I would use a mix of both microprocessor and hardware supervisor ccts plus additional commutating and quench diodes to ensure integrity of the switching operations when sequencing from Phase I to Phase II. 

A racer might use a 500 amp armature controller to get the vehicle rolling to around 30mph before the field controllers can take over and then run a constant 2000 amps or whatever throughout the last two phases. The system doesn't rely on speed feedback either. Although personally I have no problem with a Red Lion setup with a toothed wheel, a two wire sensor and an LM2907 chip, just don't ask me to do the mechanics of it !

The concept appeals to me because you get to use the shunt wound machines as rotating amplifiers thus avoiding the armature current rolloffs experienced when making the same switch with series field motors. Then there's the avoidance of stressing a large array of semiconductor devices under extreme conditions. Of course the system is amenable to being brought up at greatly reduced currents and system voltages since I can see it would really harsh someone's mellow to inadvertantly zorch a siamese set when playing around in unfamiliar territory !!

BTW anyone who thinks I went off topic, go see the first post in the thread.

_For all (or any?) of the Soleq EVcort owners out there, I have replaced the Soleq sepex motor controller in my EVcort with a pair of Kelly controllers, and outlined the project here._


The originator of the thread hi-jacks his own topic in the first sentence. *evtkw*, man you should get some sort of an award for the fastest hi jack in history.

Bye for now
T2


----------



## major (Apr 4, 2008)

toyolla2 said:


> _First, who rewinds for them ? _I haven't researched it but I am sure most stator rewinders could work on DC windings. What am I missing ?


Hi T2,

You sure write a lot  But this one question is the only attempted answer I can see. I'm sure most stator rewinders _could _rewind DC fields. But will they? I think you'll find that most motors of the size we're talking about are throw-aways as far as rewinders are concerned. Motor shops which specialize in forklift motors even buy replacement field sets as opposed to winding. Yeah, there are places to do it. But finding one is no easy task and you're likely to pay more for the rewind than you did for the motor 



> Isn't it just the same number of ampere-turns going from series to shunt.


Well, yeah, kind of. At what load do you consider to figure the AT for the series motor? And at what voltage do you use to figure the SepEx field?



> The interpoles don't enter the equation surely ?


Interpole windings depend on the armature. But the point is, the series motors most of these guys have do not have interpoles. They get away without interpoles because it is a series motor and they have advanced the brushes. Change that motor to SepEx and vary the field and reverse it or generate with it, and you have big commutation problems.

Good example is that aircraft generator you mention. Who would have thought a 24 volt 8 kW generator would need interpoles? Forklifts use motors in this range without interpoles all the time. Why then does that aircraft generator not only have interpoles, but also compensating windings? Because of the varying range of excitation and load and the fact that it is also used as a motor for engine starting.

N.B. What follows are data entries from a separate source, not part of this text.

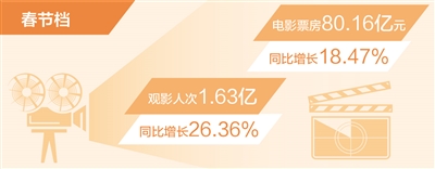 春節假期電影市場的火熱,為(wei) 假日增添了文化味,烘托了歡樂(le) 祥和的節日氛圍,進一步鞏固了電影產(chan) 業(ye) 回升向好態勢。
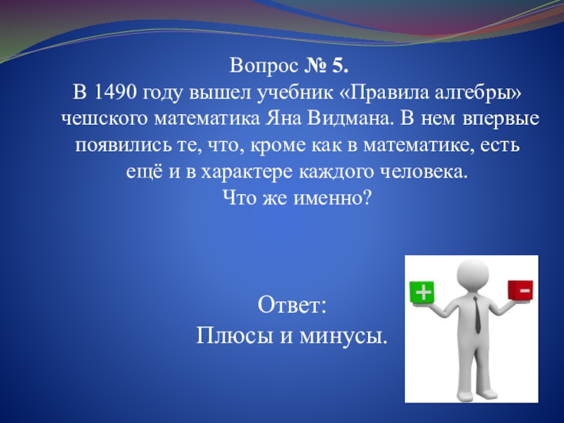 В 1490 году вышел учебник «Правила алгебры» чешского математика Яна Видмана. В нем впервые появились те, что, кроме как в математике, есть ещё и в характере каждого человека. Что же именно?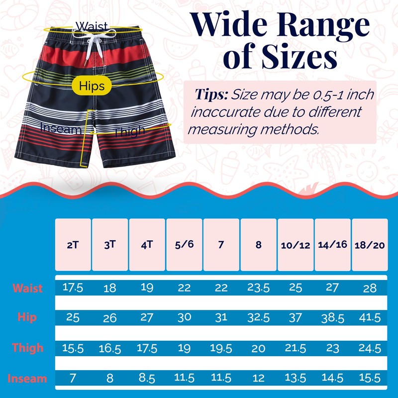• Optimal Fit for Growing Boys: Available in a range of sizes from 5/6 to 18/20, these boys boardshorts are made to comfortably fit growing boys, ensuring they can enjoy their swimwear for seasons to come. They also comes with a silky soft mesh lining.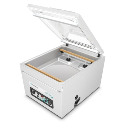 Вакуумный упаковщик Henkelman Jumbo 42 XLII идеален для ресторанов и маленьких производств. Используется для вакуумной упаковки пищевых продуктов. Рассчитан на 6 - 8 часов работы в день, с промежутками для остановки и отдыха. Снабжен сенсорной панелью управления. Сварочные струны имеют полукруглую форму для запайки испачканных жиром пакетов.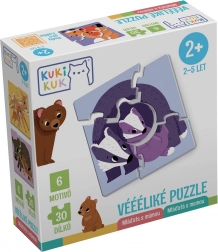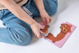 Ce set comprend six puzzles carrés illustrant des familles d’animaux – ours, renard, blaireau, sanglier, biche et oiseau. Chaque motif est composé de quatre grandes pièces pour une taille finale d’environ 15,5 × 15,5 cm. Les mêmes formes d’encoches de connexion incitent les enfants à tester de manière systématique et à associer correctement, tandis que les pièces centrales des bébés ont la même forme pour tous les motifs.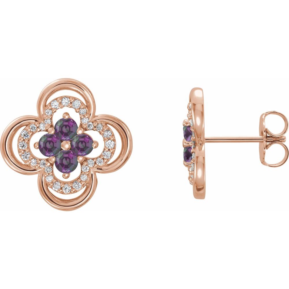 14k Rose Gold Alexandrite and 1/5 cttw Diamond Clover Stud Earrings
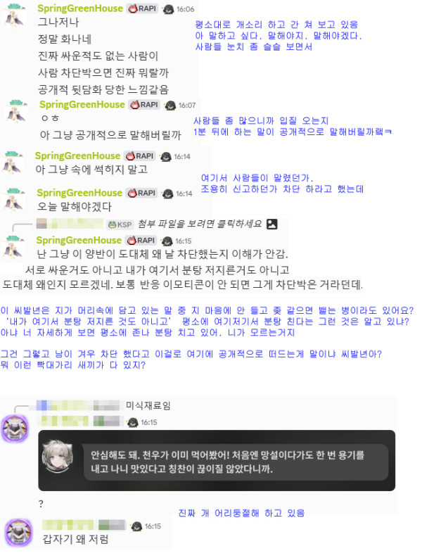 근황글 (260313) 이 찐따새끼는 지가 아무말 없이 차단당한게 억울한가봐?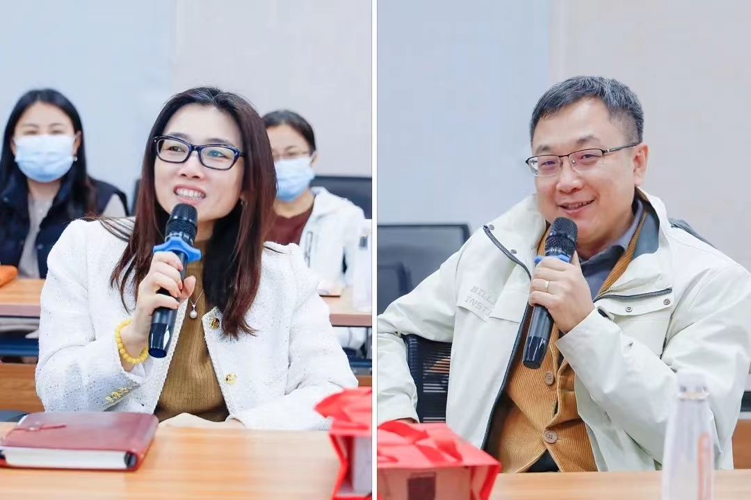 ▲新領(lǐng)先總裁助理兼綜合信息部總監(jiān)劉芳女士(左)、藥酚享李媛老師(右)分別代表雙方作工作總結(jié)匯報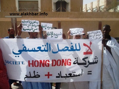 الأخبار(نواذيبو) - نظمت مجموعة من العمال المفصولين من الشركة الصينية "بولى هوندونك" وقفة احتجاجية صباح الأربعاء 30 يناير 2013 أمام مبنى الولاية للتعبير عن غضبهم من بطش وظلم الشركة الصينية حسب قولهم .
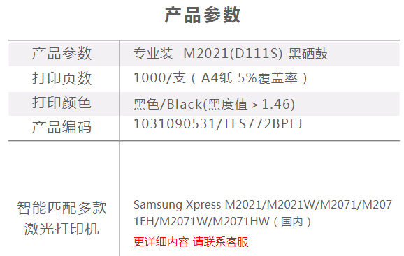 商品名称:天威 SAMSUNG-M2021(D111S)-黑色通用硒鼓带芯片 专业装 适用于M2021/M2021W/M2071 M2071FH/M2071W/M2071HW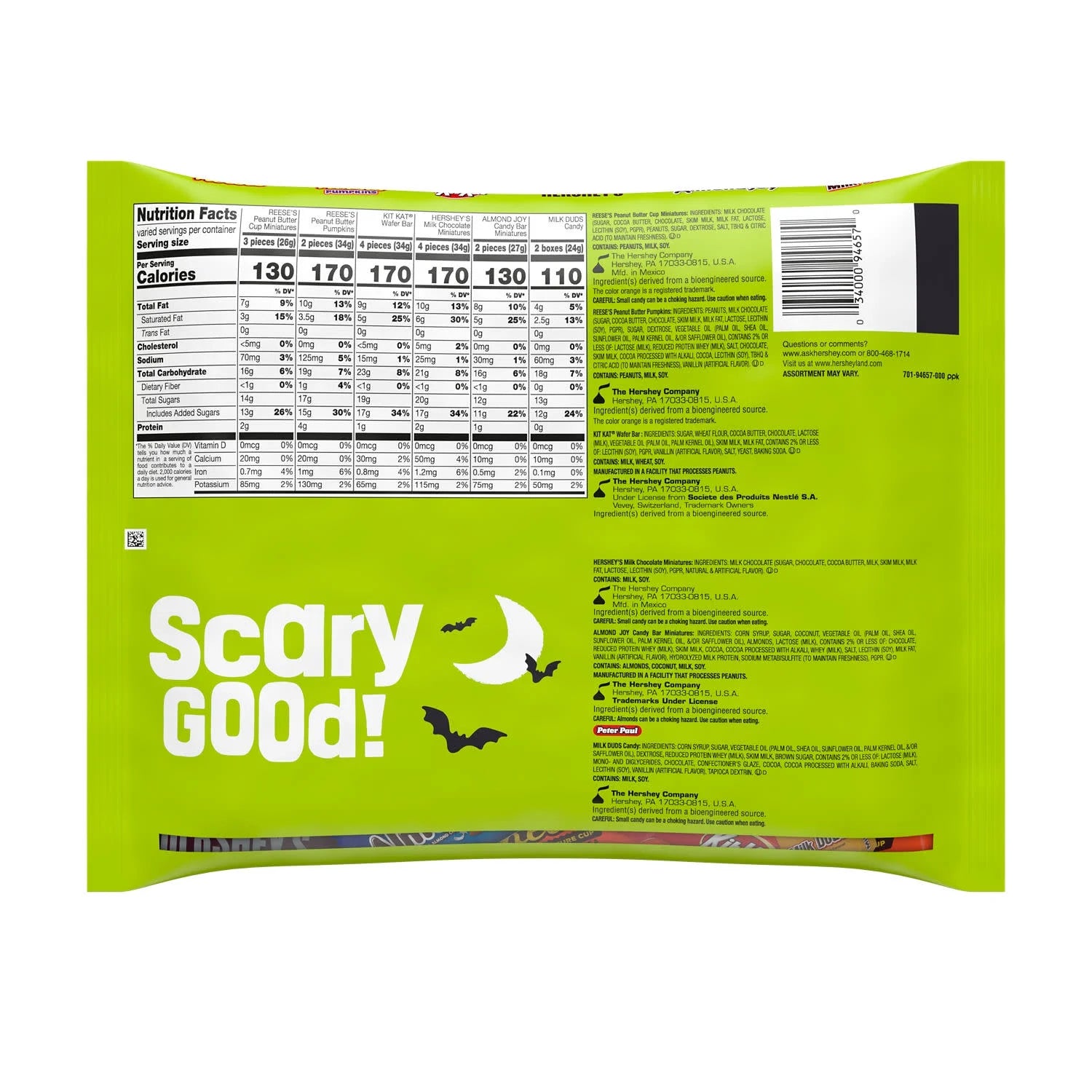 Enjoy a delicious chocolatey treat anywhere and anytime with a Hershey snack size chocolate candy assortment. Offering six crowd-pleasing favorites, this Halloween candy assortment is perfect for sharing with family, friends, teammates or co-workers. Take this variety candy bag into the office break room, pour some individually wrapped candies into your jar at home or take a bag to your next sports game to celebrate the win. This assorted bag of trick or treat candy includes REESE'S milk chocolate peanut butter cups and pumpkins candy, HERSHEY'S milk chocolate candy bars, KIT KAT milk chocolate wafer bars, ALMOND JOY coconut and almond chocolate candy bars, and MILK DUDS chocolate caramel candy.

I like SepEx systems. I wish there were such systems available for the EV in the voltage and power range needed. But few have the means to _rewind_ the series motor fields and _design_ a field controller. And contrary to what David thinks, you still need an armature controller. So after all the trouble and expense involved in converting the series to SepEx motor, you still have the basic system (meaning the expensive armature controller) which you had to start with. And for what? Regen? Yeah, nice. I like regen. But where is the value here? A mile further on a battery charge? That is an expensive mile 

And you quote Todd. Good example. He is building a hot rod EV. And has a monster GE SepEx motor he wants to use. However he is considering having it rewound to series because he cannot get a proper controller for it. You want to prove your point, make a controller for Todd if it is so easy. 

Regards,

major


----------



## toddshotrods (Feb 10, 2009)

major said:


> ...And you quote Todd. Good example. He is building a hot rod EV. And has a monster GE SepEx motor he wants to use. However he is considering having it rewound to series because he cannot get a proper controller for it. You want to prove your point, make a controller for Todd if it is so easy.
> 
> Regards,
> 
> major


My ears were itching...  Yeah, I'm probably pretty well on my way to series wound. I thought I had purchased a series motor, was disheartened to find out it was SepEx, then determined to explore its separately excited promise - but the return on investment (of money, time, and effort) is just not there. There are just too many variables to make it a worthwhile pursuit, especially for a community of wide-ranging goals and ideals.

Series is the best universal solution for DC. The same controller that works for the guy with a grocery getter can push my racer down the track, or vice versa. True, he may not need that much controller, or I may not have enough (with his) but the point is they're almost plug-n-play for whatever you want to do with them.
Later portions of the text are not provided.